[DIRECTIONS FOR THIS TASK]: Go through the listing and copy every line word for word.

▼

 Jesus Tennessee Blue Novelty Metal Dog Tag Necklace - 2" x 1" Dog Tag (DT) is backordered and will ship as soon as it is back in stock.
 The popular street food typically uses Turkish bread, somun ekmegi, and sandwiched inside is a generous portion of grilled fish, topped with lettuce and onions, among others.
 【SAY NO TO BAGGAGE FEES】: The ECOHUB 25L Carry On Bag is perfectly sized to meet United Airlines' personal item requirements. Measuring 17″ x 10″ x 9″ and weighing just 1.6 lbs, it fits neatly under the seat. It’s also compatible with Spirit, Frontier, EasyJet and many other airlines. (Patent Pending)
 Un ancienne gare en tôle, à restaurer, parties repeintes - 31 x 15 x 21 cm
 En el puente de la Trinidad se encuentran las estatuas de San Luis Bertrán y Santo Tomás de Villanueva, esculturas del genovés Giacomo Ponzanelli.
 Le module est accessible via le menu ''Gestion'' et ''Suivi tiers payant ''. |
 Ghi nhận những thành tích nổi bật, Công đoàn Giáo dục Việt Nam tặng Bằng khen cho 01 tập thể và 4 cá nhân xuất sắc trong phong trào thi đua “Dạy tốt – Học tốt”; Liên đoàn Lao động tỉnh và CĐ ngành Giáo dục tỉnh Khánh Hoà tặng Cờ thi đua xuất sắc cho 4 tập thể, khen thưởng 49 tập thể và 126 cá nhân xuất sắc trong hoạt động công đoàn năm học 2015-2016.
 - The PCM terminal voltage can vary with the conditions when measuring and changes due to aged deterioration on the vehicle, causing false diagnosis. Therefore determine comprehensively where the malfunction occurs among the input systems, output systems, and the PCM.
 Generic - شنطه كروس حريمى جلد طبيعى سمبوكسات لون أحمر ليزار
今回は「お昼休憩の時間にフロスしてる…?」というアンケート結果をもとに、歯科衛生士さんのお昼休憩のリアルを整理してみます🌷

▲

[WRITTEN SOLUTION]:
 Jesus Tennessee Blue Novelty Metal Dog Tag Necklace - 2" x 1" Dog Tag (DT) is backordered and will ship as soon as it is back in stock.
 The popular street food typically uses Turkish bread, somun ekmegi, and sandwiched inside is a generous portion of grilled fish, topped with lettuce and onions, among others.
 【SAY NO TO BAGGAGE FEES】: The ECOHUB 25L Carry On Bag is perfectly sized to meet United Airlines' personal item requirements. Measuring 17″ x 10″ x 9″ and weighing just 1.6 lbs, it fits neatly under the seat. It’s also compatible with Spirit, Frontier, EasyJet and many other airlines. (Patent Pending)
 Un ancienne gare en tôle, à restaurer, parties repeintes - 31 x 15 x 21 cm
 En el puente de la Trinidad se encuentran las estatuas de San Luis Bertrán y Santo Tomás de Villanueva, esculturas del genovés Giacomo Ponzanelli.
 Le module est accessible via le menu ''Gestion'' et ''Suivi tiers payant ''. |
 Ghi nhận những thành tích nổi bật, Công đoàn Giáo dục Việt Nam tặng Bằng khen cho 01 tập thể và 4 cá nhân xuất sắc trong phong trào thi đua “Dạy tốt – Học tốt”; Liên đoàn Lao động tỉnh và CĐ ngành Giáo dục tỉnh Khánh Hoà tặng Cờ thi đua xuất sắc cho 4 tập thể, khen thưởng 49 tập thể và 126 cá nhân xuất sắc trong hoạt động công đoàn năm học 2015-2016.
 - The PCM terminal voltage can vary with the conditions when measuring and changes due to aged deterioration on the vehicle, causing false diagnosis. Therefore determine comprehensively where the malfunction occurs among the input systems, output systems, and the PCM.
 Generic - شنطه كروس حريمى جلد طبيعى سمبوكسات لون أحمر ليزار
今回は「お昼休憩の時間にフロスしてる…?」というアンケート結果をもとに、歯科衛生士さんのお昼休憩のリアルを整理してみます🌷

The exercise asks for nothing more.